Unions joined campaigners today to condemn the coalition's crackdown on legal challenges to government policy.
Addressing a conference of the CBI, David Cameron said that opponents of government policies would be given less time to apply for judicial review, face higher fees and see the chances to appeal halved.
Equality impact assessments would no longer be compulsory and consultation periods would be cut.
The Prime Minister said judicial review had become a "massive growth industry" which was delaying action and costing taxpayers too much money.
While Mr Cameron attempted to play up the trivial nature of the majority of judicial reviews, they have in fact been a highly effective tool for human rights lawyers challenging the government over allegations of abuse and torture.
Legal action charity Reprieve executive director Clare Algar said: "The Prime Minister seems determined to hamstring the courts when it comes to holding ministers accountable for their actions.
"The government is this week attempting to force plans for secret courts through the House of Lords, which would put ministers above the law. Now we hear he is seeking to limit the public's ability to challenge decisions made by ministers."
Mr Cameron also "called time" on equality impact assessments, saying: "We have smart people in Whitehall who consider equalities issues while they're making the policy. We don't need all this extra tick-box stuff."
He further suggested that ministers announced policies which then too often got bogged down in Whitehall "red tape" and said ministers would now be able to decide how long a consultation period was required.
"If you can get it done properly in a fortnight - great.
"And we are going further, saying: if there is no need for a consultation, then don't have one."
RMT general secretary Bob Crow told the Star: "This government of the rich and idle is once again using its power and privilege to swing the axe at equality and workplace rights as they dance to the bosses' tune.
"This attack would allow greedy employers to short-circuit fundamental rights to consultation and equalities impact assessments purely in the interests of profit and must be fought every step of the way."

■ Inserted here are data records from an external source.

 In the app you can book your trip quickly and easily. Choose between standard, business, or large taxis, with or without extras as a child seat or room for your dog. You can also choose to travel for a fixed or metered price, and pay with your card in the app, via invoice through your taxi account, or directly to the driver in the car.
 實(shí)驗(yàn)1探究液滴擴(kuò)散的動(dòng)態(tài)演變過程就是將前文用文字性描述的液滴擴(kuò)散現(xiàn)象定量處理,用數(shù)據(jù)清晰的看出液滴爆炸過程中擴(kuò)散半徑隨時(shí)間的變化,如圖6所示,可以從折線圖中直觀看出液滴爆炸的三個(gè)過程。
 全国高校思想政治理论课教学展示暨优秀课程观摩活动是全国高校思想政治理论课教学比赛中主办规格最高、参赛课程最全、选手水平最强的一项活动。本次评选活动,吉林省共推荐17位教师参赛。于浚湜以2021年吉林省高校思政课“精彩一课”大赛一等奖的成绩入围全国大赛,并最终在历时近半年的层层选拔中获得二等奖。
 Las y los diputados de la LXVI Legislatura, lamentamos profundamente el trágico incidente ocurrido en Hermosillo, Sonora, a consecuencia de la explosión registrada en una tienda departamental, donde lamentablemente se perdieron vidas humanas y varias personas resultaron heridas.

TUC general secretary Brendan Barber said: "This move smacks of a desperate attempt to placate the business lobby which, like the TUC, is deeply concerned at our economy's anaemic growth. Scrapping equality impact assessments would be reckless and is not the way to get our country moving again."
While PCS general secretary Mark Serwotka said: "Against the backdrop of the threat of a triple-dip recession, this is a clear attempt to restrict ordinary people's rights to question and challenge this Tory-led government's unfair and damaging cuts that so obviously are not working."